Eerder in haar carrière was Butler tien jaar voorzitter van Service Employees International Union (SEIU) Local 2015, de grootste vakbond in Californië, die thuiszorgwerkers vertegenwoordigde. Ze speelde een rol in de succesvolle campagne van de vakbond om het minimumloon van de staat te verhogen tot $ 15 per uur en was ook voorzitter van de SEIU California State Council.

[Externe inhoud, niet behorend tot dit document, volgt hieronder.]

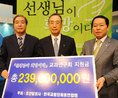 한국교총(회장 이원희 右)과 조선일보(발행인 김문순 中) 공동으로 '선생님이 희망이다' 교과연구회 지원금 전달식이 24일 조선일보 강당에서 개최되었다. 서울중등영어교과교육연구회 회장 정진영 (左) 이원희 교총회장이 인사말을 하고 있다. 이원희 교총회장이 한국학교보건교육연구회 이석희 회장에게 교과연구회 지원금 증서를 수여하고 있다.
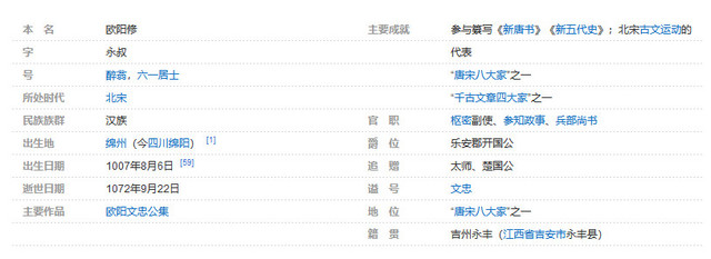 欧阳修(1007年8月6日-1072年9月22日),字永叔,号醉翁,晚号六一居士,吉州永丰(今江西省吉安市永丰县)人,景德四年(1007年)出生于绵州(今四川省绵阳市),北宋政治家、文学家。

In zijn aankondiging na de benoeming omschreef Newsom Butler als ‘een pleitbezorger voor vrouwen en meisjes’ en ‘een strijder van de tweede generatie voor de werkende mensen’. Butler is beëdigd en heeft verklaard dat ze de nalatenschap van Feinstein zal voortzetten door “zich in te zetten voor vrouwen en meisjes, werknemers en vakbonden, worstelende ouders en heel Californië.” Ze zou de eerste zwarte lesbische senator in de geschiedenis van de staat zijn.

Butler, met haar achtergrond in het organiseren van arbeid en reproductieve rechten, is toch zeker een overwinning voor links, toch? Denk nog eens na. Hoewel haar geschiedenis inderdaad behoorlijk vooruitstrevend is, heeft haar carrière de afgelopen jaren een scherpe conservatieve wending genomen.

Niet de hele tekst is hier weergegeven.